● Task description
Your task is to write out the entire listing exactly, omitting its pictures.

● Supplied data
****************

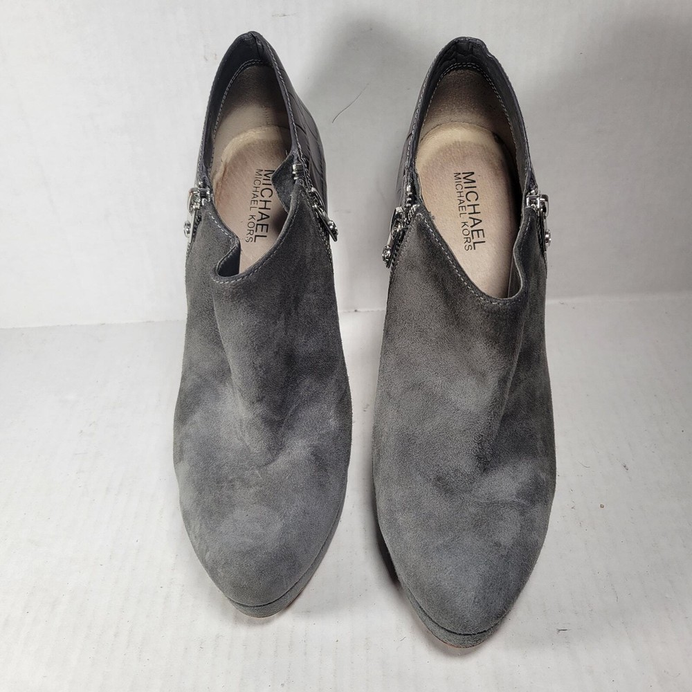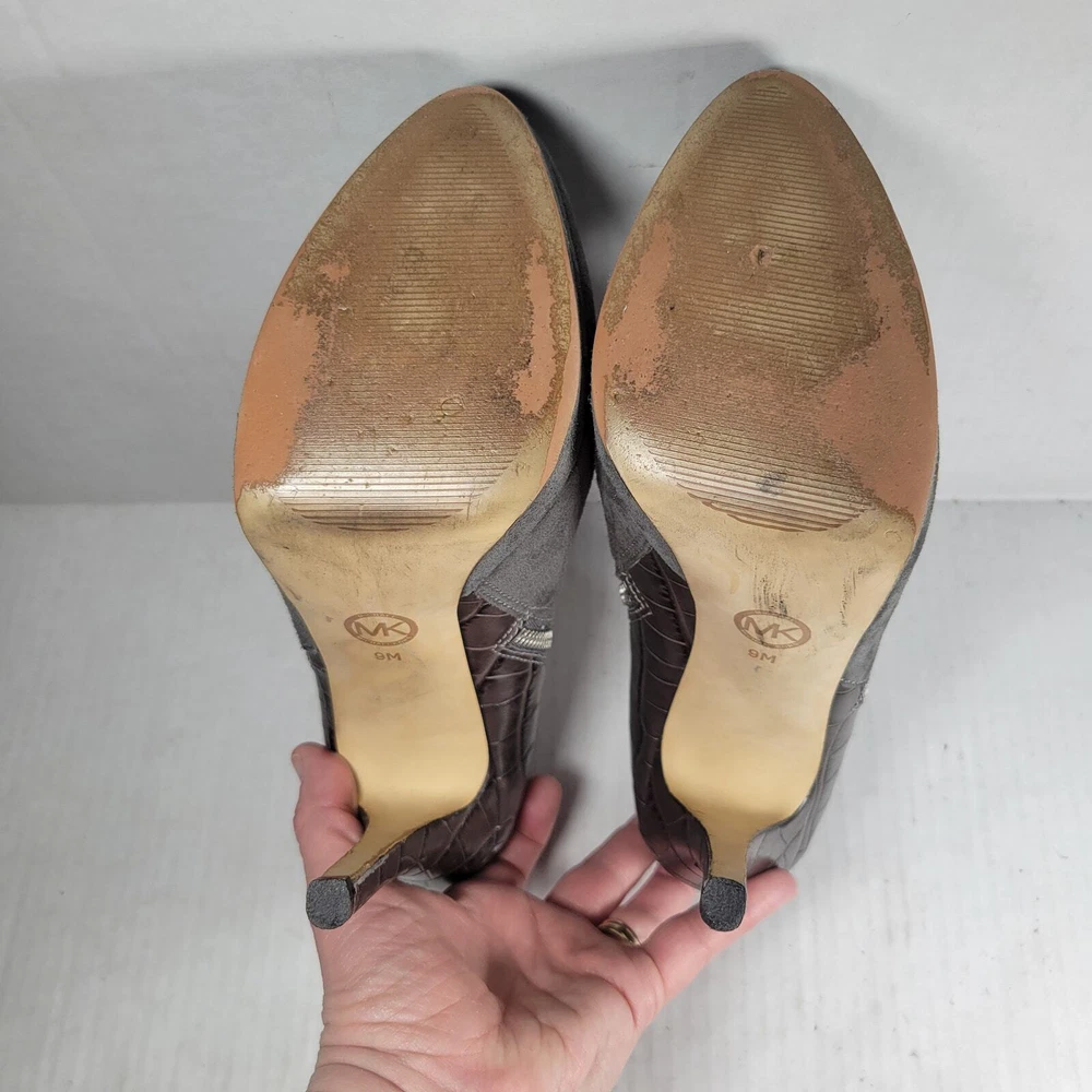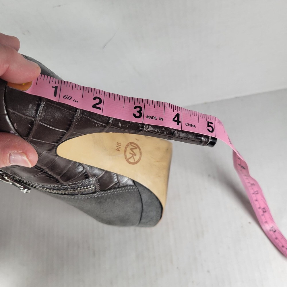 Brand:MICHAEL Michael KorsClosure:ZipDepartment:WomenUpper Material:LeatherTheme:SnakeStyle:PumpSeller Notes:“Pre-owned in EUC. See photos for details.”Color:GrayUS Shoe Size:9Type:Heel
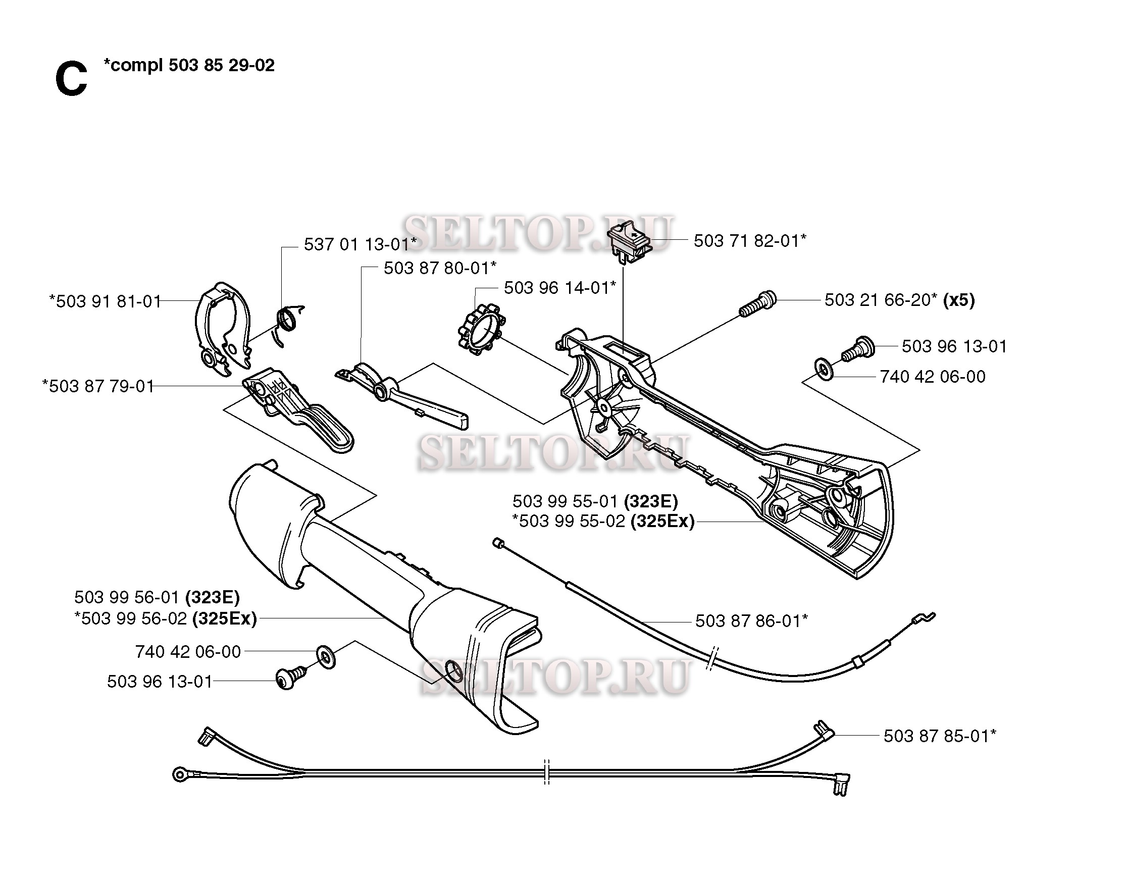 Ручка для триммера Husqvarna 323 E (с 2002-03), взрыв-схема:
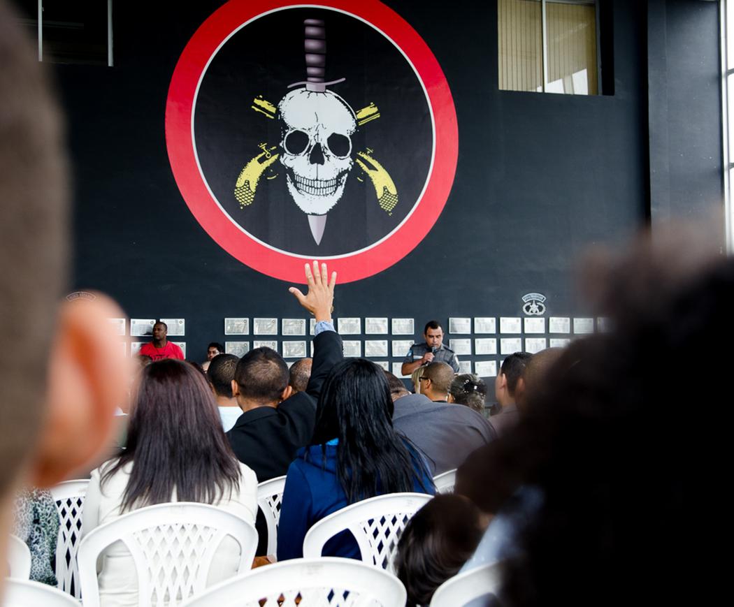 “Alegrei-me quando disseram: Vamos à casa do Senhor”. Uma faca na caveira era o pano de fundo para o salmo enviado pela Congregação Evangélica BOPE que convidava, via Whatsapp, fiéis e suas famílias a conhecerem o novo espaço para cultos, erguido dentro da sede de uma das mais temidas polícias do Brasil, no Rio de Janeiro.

****************

● Solution below
 Brand:MICHAEL Michael KorsClosure:ZipDepartment:WomenUpper Material:LeatherTheme:SnakeStyle:PumpSeller Notes:“Pre-owned in EUC. See photos for details.”Color:GrayUS Shoe Size:9Type:Heel
 Ручка для триммера Husqvarna 323 E (с 2002-03), взрыв-схема:
 “Alegrei-me quando disseram: Vamos à casa do Senhor”. Uma faca na caveira era o pano de fundo para o salmo enviado pela Congregação Evangélica BOPE que convidava, via Whatsapp, fiéis e suas famílias a conhecerem o novo espaço para cultos, erguido dentro da sede de uma das mais temidas polícias do Brasil, no Rio de Janeiro.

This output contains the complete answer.